How can Google forget you?

Publish date: 2022-06-18

Whether it's a night of college shenanigans that have found their way onto YouTube, a privacy breach outside our control or a news item involving business dealings from decades ago, many of us have items in our online profiles that we'd love to erase. But while humans may forgive and forget over time, the Internet has an almost infinite ability to "remember," with online images, videos and text documents providing a near-permanent record of our personal and professional histories.

Thanks to a May 2014 decision by the top court of the European Union, individuals in Europe now have the right to be forgotten -- or at least to request the removal of results that turn up in an Internet search for their own names [sources: Google, Schechner]. The decision stemmed from a 2010 case brought by a Spanish national who complained that when someone searched his name in the Spanish version of Google, the top search results included links to a 1998 newspaper announcement advertising an auction to settle his old social security debts [source: Court of Justice of the European Union].

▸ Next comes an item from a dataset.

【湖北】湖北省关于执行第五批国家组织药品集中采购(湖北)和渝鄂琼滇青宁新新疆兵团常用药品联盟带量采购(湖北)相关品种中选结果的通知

The European Court of Justice (ECJ) ruled that individuals may request search engines to remove results that are "inadequate, irrelevant or no longer relevant, or excessive in relation to the purposes for which they were processed" [source: Newcomb]. In response, Google set up a Web form where users can submit a request to have specific results removed for search queries including their name [sources: Google, Schechner].

Google has not shared the technical specifics as to how the results are removed, except to say that each request is individually reviewed by a "removals team" and evaluated to weigh the individual's right to privacy against the public's right to know [sources: Google, Schechner]. Users requesting search removal are required to specify the URL for each particular item they wish to have removed from their search results [source: Google]. The documents themselves are not removed from the Internet or blocked from search queries unrelated to the requestor's name; they are merely removed from a particular name search.

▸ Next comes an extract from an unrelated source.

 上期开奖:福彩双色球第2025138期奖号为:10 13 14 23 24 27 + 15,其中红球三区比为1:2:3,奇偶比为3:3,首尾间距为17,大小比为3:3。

For example, in its May 2014 decision, the ECJ ruled that search results for the name "Mario Costeja González" should no longer include links to the newspaper advertising of the 1998 real estate auction in Catalonia, Spain. However, a user searching for "real estate auctions in Catalonia" (without Mr. Costeja González's name) could still find the 1998 announcement. The results are scrubbed only for Google domains in the European Union, so a search for the same name in the United States could still display the undesirable result [sources: Hill, Newcomb, Schechner].